Change your code to do a multi-pass, the two MERGE operation on the same label and property cause Cypher to eagerly pass all rows through the first statement and the the second to avoid endless loops.

You should see that in your query plan.
Just do 3 passes over the data. You can even use a WITH distinct line[0] as name

session.run("USING PERIODIC COMMIT "
             "LOAD CSV FROM 'file:///'+{prot}+'_conflict_resolved.txt' AS line "
             "WITH distinct line[0] as name "
             "MERGE (:MyNode {Name:name}) ", prot=prot)
session.run("USING PERIODIC COMMIT "
             "LOAD CSV FROM 'file:///'+{prot}+'_conflict_resolved.txt' AS line "
             "WITH distinct line[1] as name "
             "MERGE (:MyNode {Name:name}) ", prot=prot)
session.run("USING PERIODIC COMMIT "
             "LOAD CSV FROM 'file:///'+{prot}+'_conflict_resolved.txt' AS line "
             "MATCH (n:MyNode {Name:line[0]}) "
             "MATCH (m:MyNode {Name:line[1]}) "
             "MERGE (n) -[:TO {dist:line[2]}] -> (m) ", prot=prot)

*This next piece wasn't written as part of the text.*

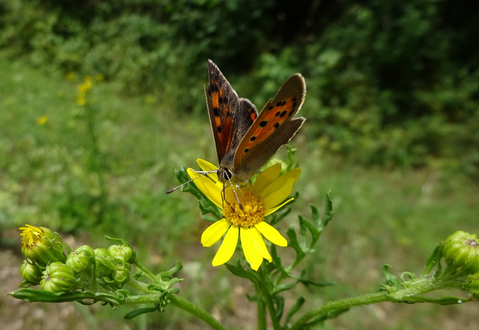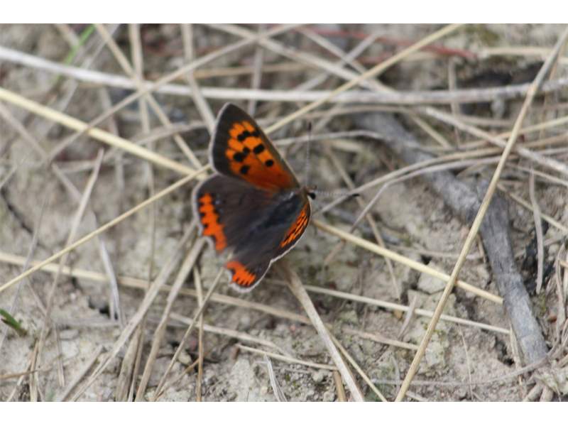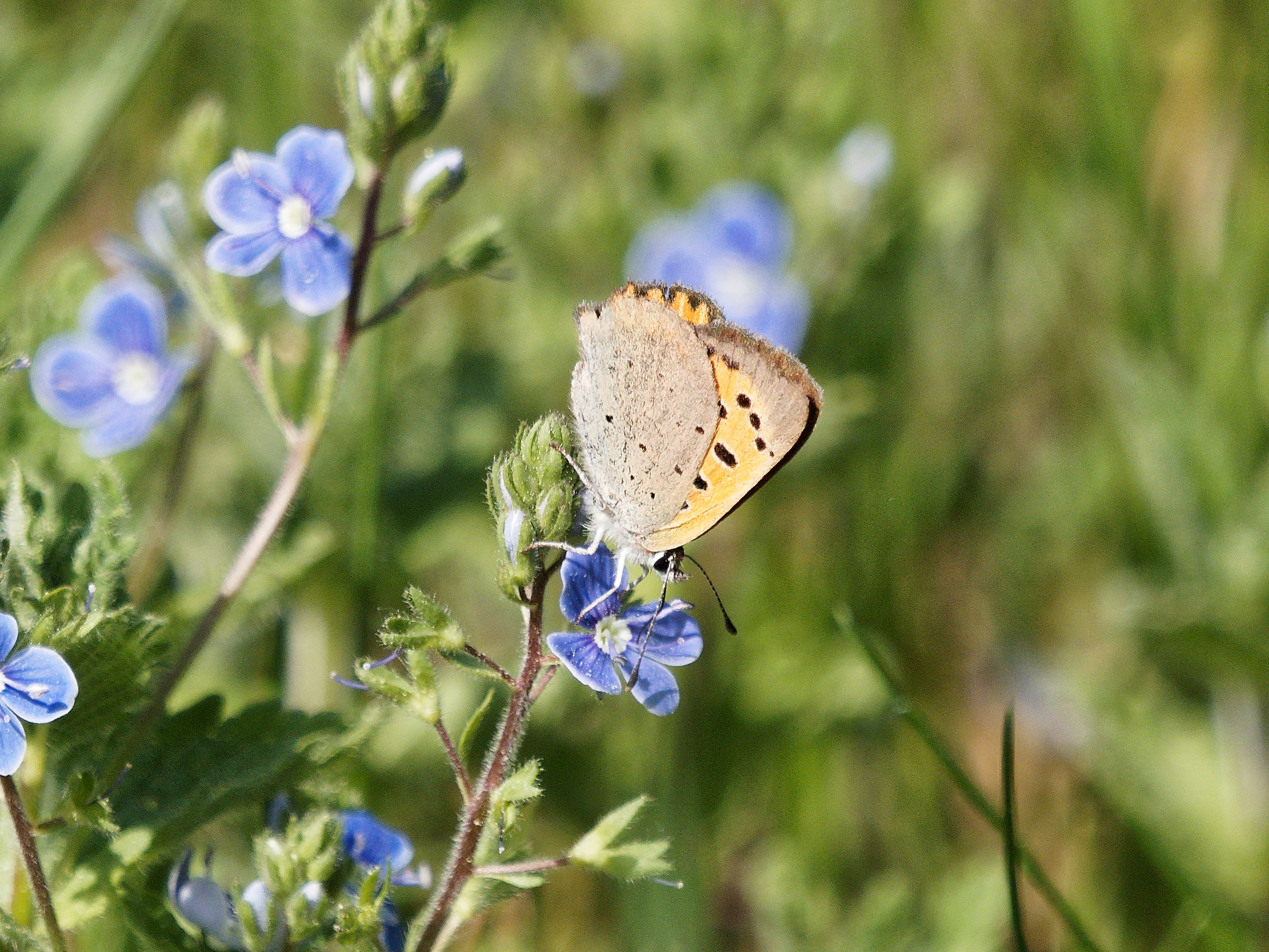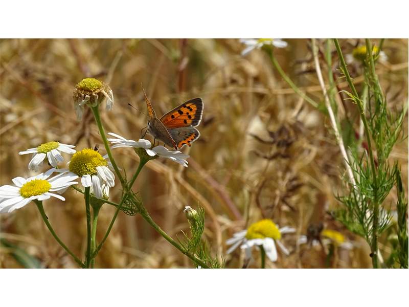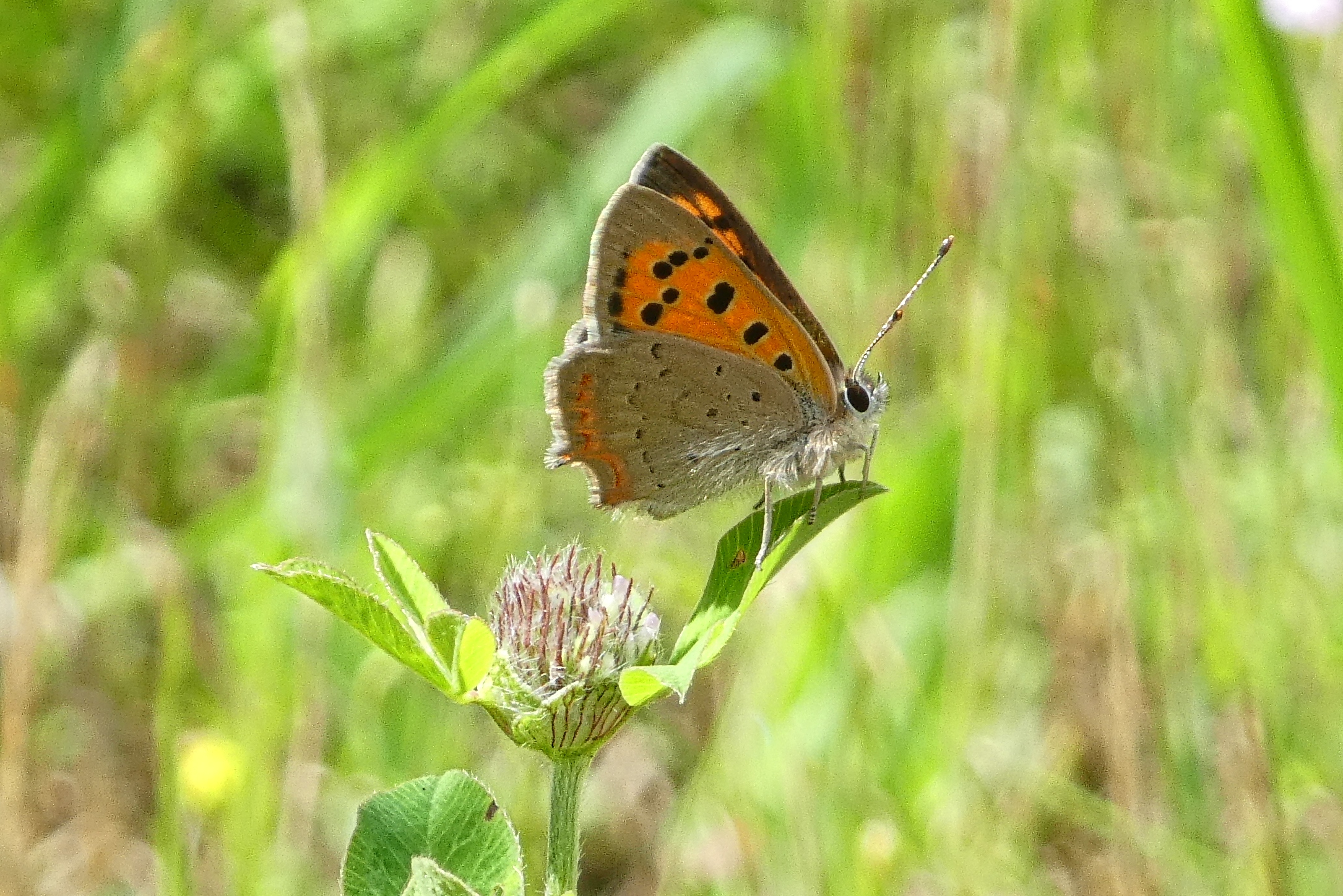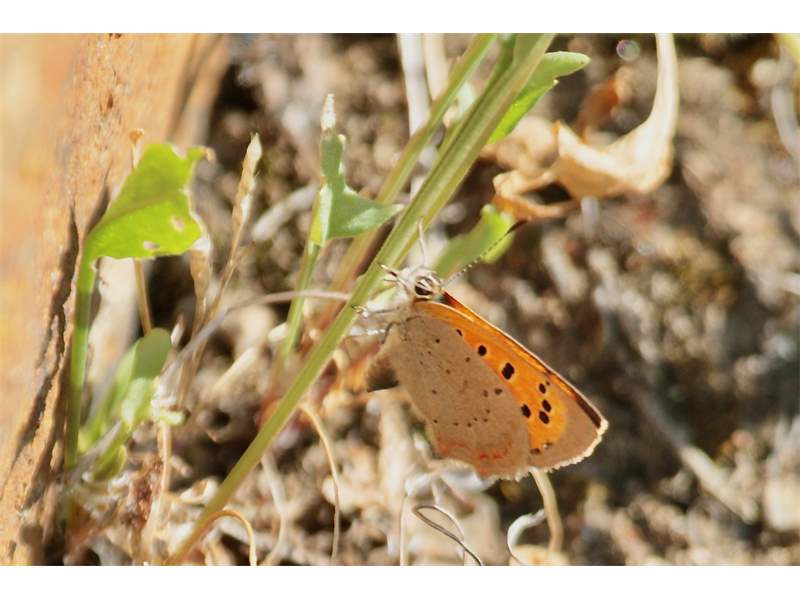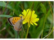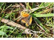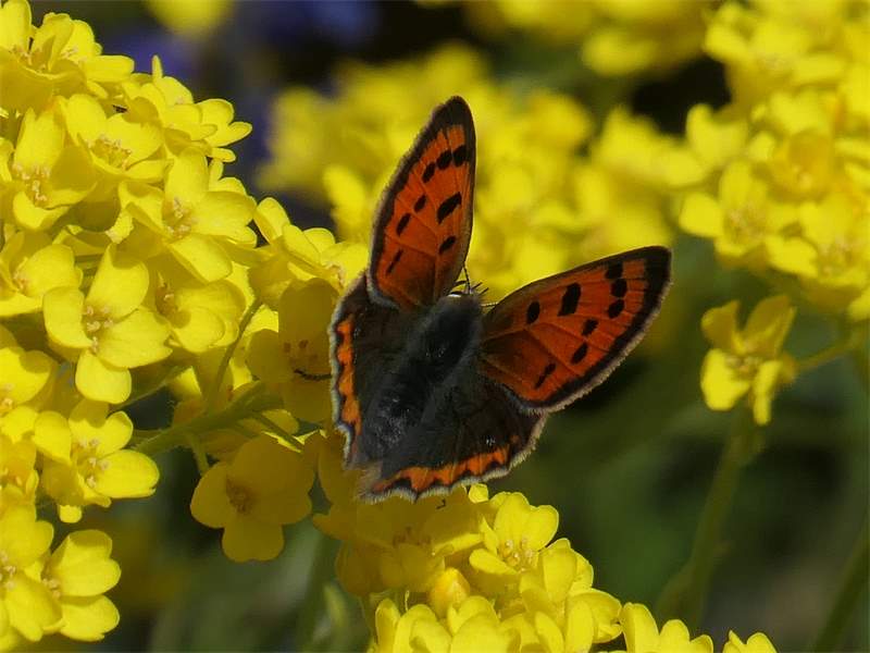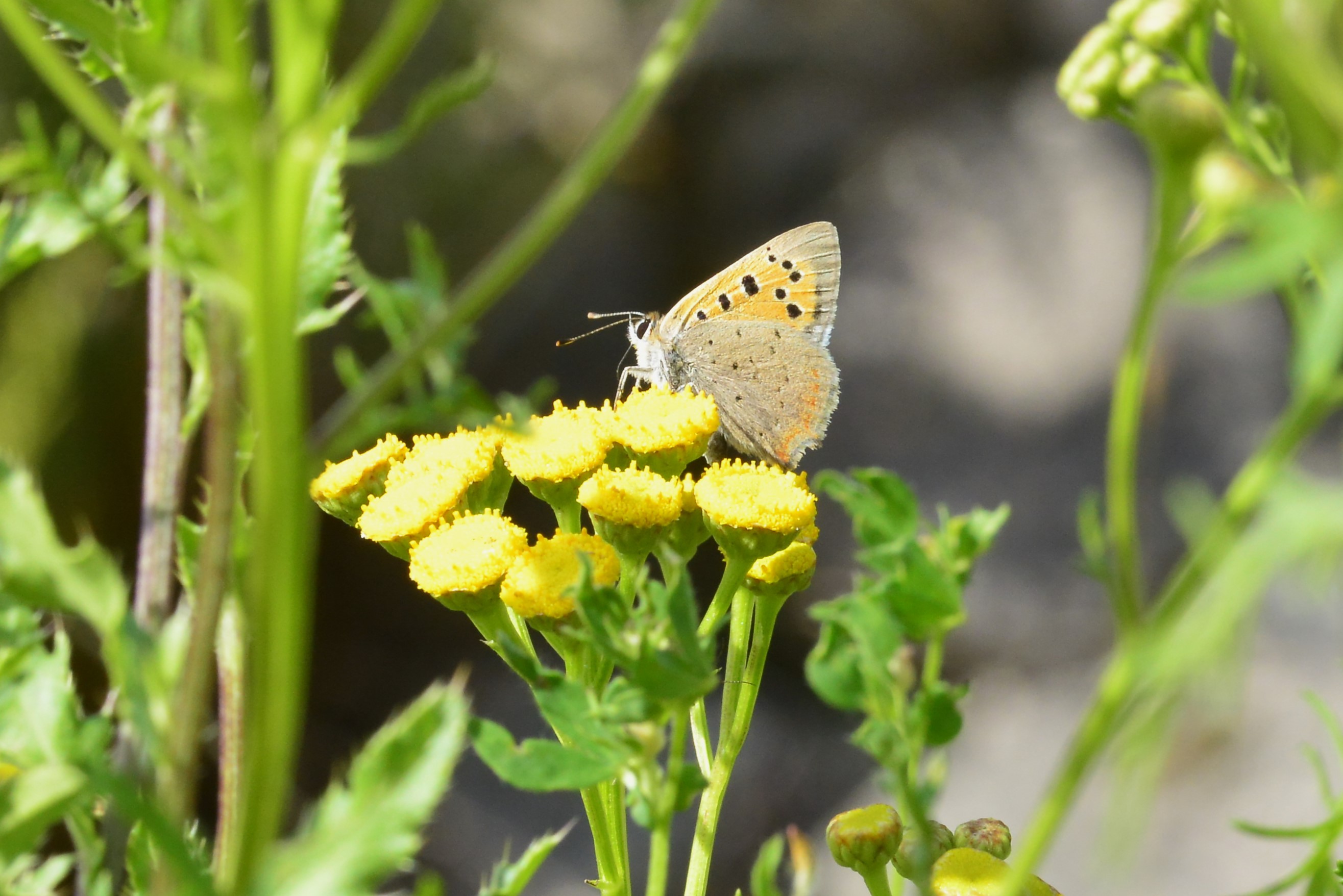 Kleiner Feuerfalter (Lycaena phlaeas (Linnaeus, 1761)), Laue, Rekultivierungsbereich der Tagebaulandschaft Goitzsche östlich vom Seelhausener See, nahe Leipzig, 16. Juni 2019

Question: do you really want to have potentially multiple TO relationships between m and n ? with different dist values? or just one?
Then you will be faster just using CREATE there if there are no duplicates.
or MERGE on :TO but without the property.

Are those directed or undirected rels? in the latter case you can leave off the arrow tip from the relationship merge.